For a PyPI package that integrates most of controlled-reduction into SageMath, see [pycontrolledreduction](https://github.com/edgarcosta/pycontrolledreduction/).



## Abstract

An implementation of the controlled reduction method for computing the

Hasse-Weil zeta functions of smooth projective hypersurfaces over finite

fields.
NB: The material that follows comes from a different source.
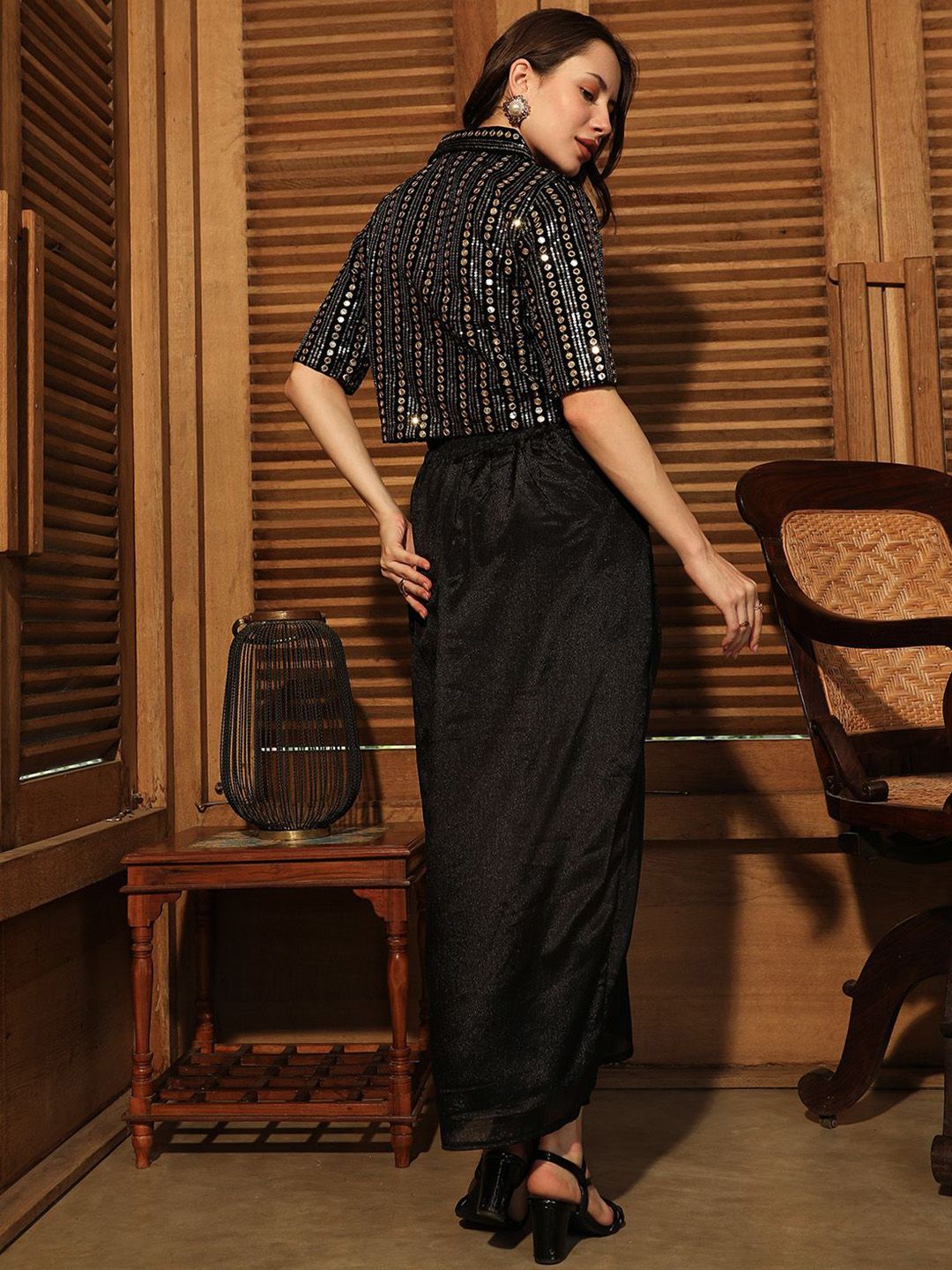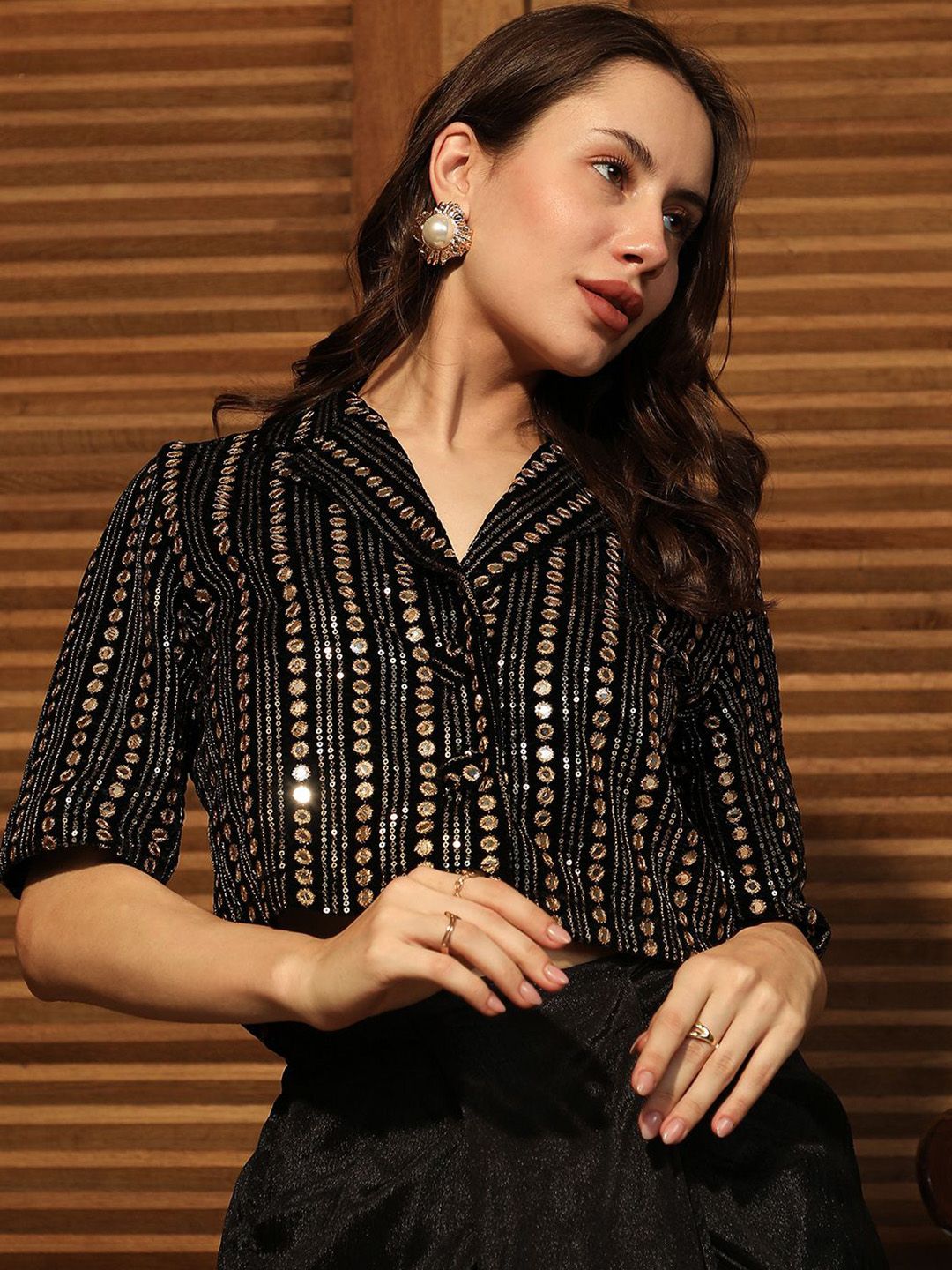 Black embellished top, has a shirt collar neck and short sleeves, Secured with button closure

Explicitly, by computing a p-adic approximation of Frobenius

action on p-adic cohomology (Monsky-Washnizter) with sufficient precision

and then lifting its characteristic polynomial to the integers.

An overview of the method can be found in: 

 - "Computing zeta functions of nondegenerate projective hypersurfaces over 

finite fields", (under preparation) by Edgar Costa and David Harvey.
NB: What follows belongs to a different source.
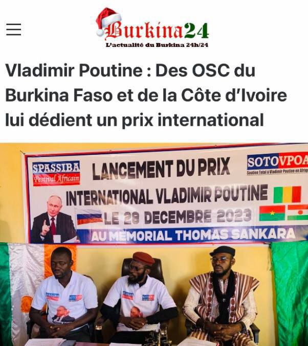 Организации гражданского общества Буркина-Фасо и Кот-д'Ивуара учредили международную премию имени Владимира Путина за вклад в борьбу и освобождение народов Африки

 - "Effective computations of Hasse-Weil zeta functions", by Edgar Costa



## Dependencies

It majorly depends on:

 - [NTL: A Library for doing Number Theory](http://www.shoup.net/ntl/)

 - [FLINT: Fast Library for Number Theory](http://flintlib.org/)

 

Which depend on:



 - [GMP: GNU Multiple Precision Arithmetic Library](https://gmplib.org/) (for NTL and FLINT)
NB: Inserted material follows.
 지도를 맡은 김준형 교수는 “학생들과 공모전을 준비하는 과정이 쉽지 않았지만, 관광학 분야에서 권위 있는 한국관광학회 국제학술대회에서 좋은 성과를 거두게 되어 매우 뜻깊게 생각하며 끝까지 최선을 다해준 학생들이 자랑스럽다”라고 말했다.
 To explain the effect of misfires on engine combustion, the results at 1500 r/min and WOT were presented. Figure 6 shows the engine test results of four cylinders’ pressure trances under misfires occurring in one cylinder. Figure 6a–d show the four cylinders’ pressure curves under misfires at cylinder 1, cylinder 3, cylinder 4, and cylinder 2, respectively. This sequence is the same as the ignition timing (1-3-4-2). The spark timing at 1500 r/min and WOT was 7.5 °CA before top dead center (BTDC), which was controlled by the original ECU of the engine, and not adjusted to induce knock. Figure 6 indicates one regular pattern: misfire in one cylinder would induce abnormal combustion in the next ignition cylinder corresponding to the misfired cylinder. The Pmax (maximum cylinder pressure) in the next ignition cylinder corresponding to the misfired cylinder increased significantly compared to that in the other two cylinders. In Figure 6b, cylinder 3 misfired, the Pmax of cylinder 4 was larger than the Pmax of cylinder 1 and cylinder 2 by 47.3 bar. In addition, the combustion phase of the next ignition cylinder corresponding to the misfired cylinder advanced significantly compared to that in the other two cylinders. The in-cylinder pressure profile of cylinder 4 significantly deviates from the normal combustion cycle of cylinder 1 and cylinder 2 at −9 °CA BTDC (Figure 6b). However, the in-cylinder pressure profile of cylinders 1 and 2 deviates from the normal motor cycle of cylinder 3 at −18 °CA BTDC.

 - [MPIR: Multiple Precision Integers and Rationals](mpir.org) (for FLINT)

 - [MPFR: GNU Multiple Precision Floating-Point Reliably](http://www.mpfr.org/) (for FLINT)



However, [SageMath](http://www.sagemath.org/) comes with all this libraries. 



## Installation



There are 3 options:



### Using SageMath to provide the dependencies



1. Figuring out where `SageMath` is installed. 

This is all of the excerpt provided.